Required work: Give back the full listing, character for character, with no pictures.

Material provided:
* * * *

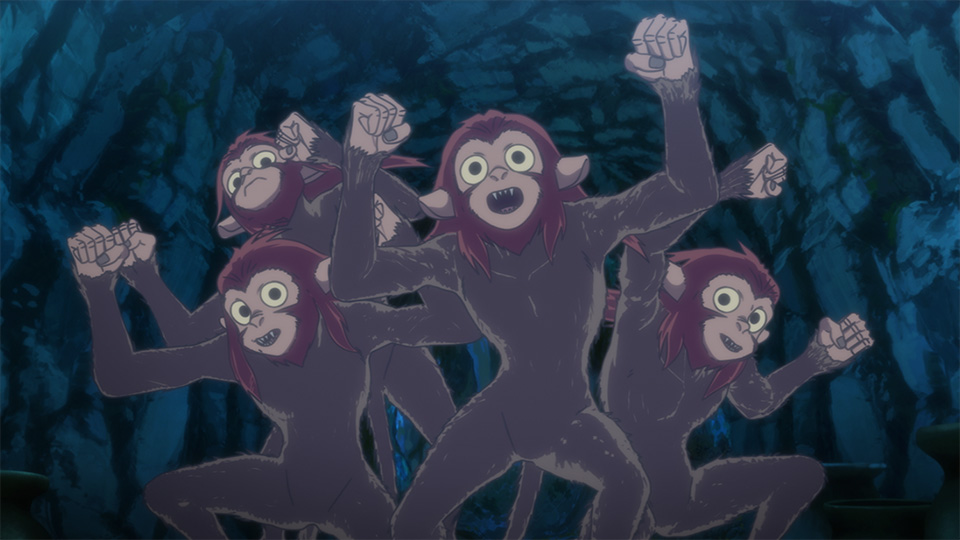 自分で作った干し肉をかけて、厄病子竜は大猩々と熱いバトルを繰り広げる。黒蜥蜴と猩々が見守る中、拳の応酬の末についに勝者が決定する…。
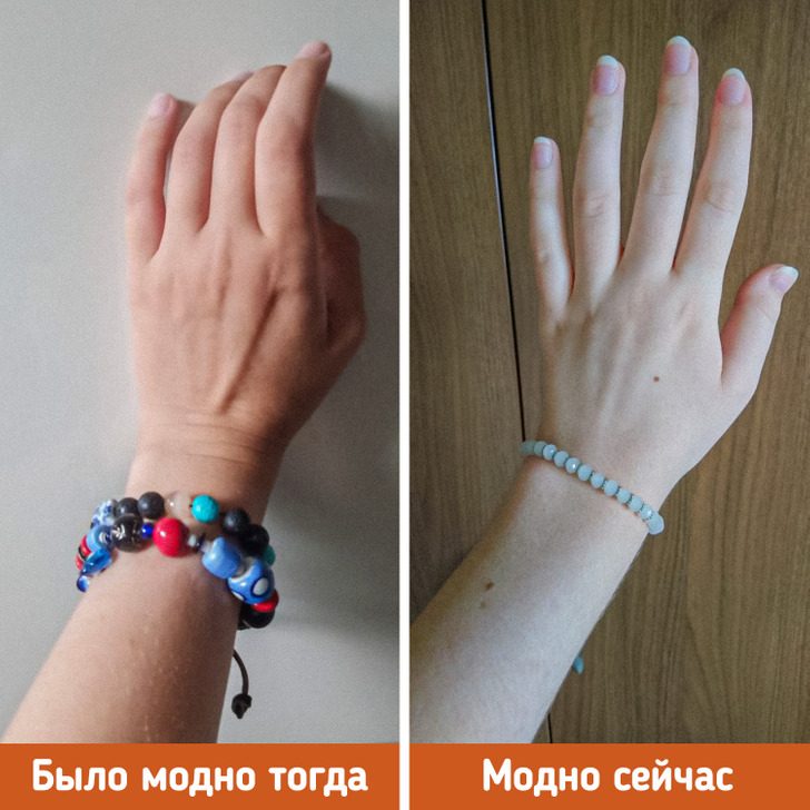 Такие браслеты еще называются чакровыми. В 2022 году они, кстати, вернулись в моду. Но без главной фишки 1990-х и 2000-х — надевать как можно больше браслетов. Также сейчас в тренде более утонченное украшение с мелкими бусинами.
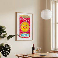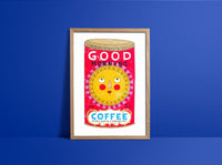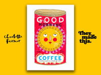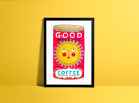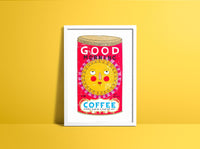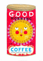 A bright and cheery hand made screen print of a coffee tin, featuring a glowing sun - guaranteed to wake you up in the morning and keep you smiling all day.

* * * *

Result of this exercise:
 自分で作った干し肉をかけて、厄病子竜は大猩々と熱いバトルを繰り広げる。黒蜥蜴と猩々が見守る中、拳の応酬の末についに勝者が決定する…。
 Такие браслеты еще называются чакровыми. В 2022 году они, кстати, вернулись в моду. Но без главной фишки 1990-х и 2000-х — надевать как можно больше браслетов. Также сейчас в тренде более утонченное украшение с мелкими бусинами.
 A bright and cheery hand made screen print of a coffee tin, featuring a glowing sun - guaranteed to wake you up in the morning and keep you smiling all day.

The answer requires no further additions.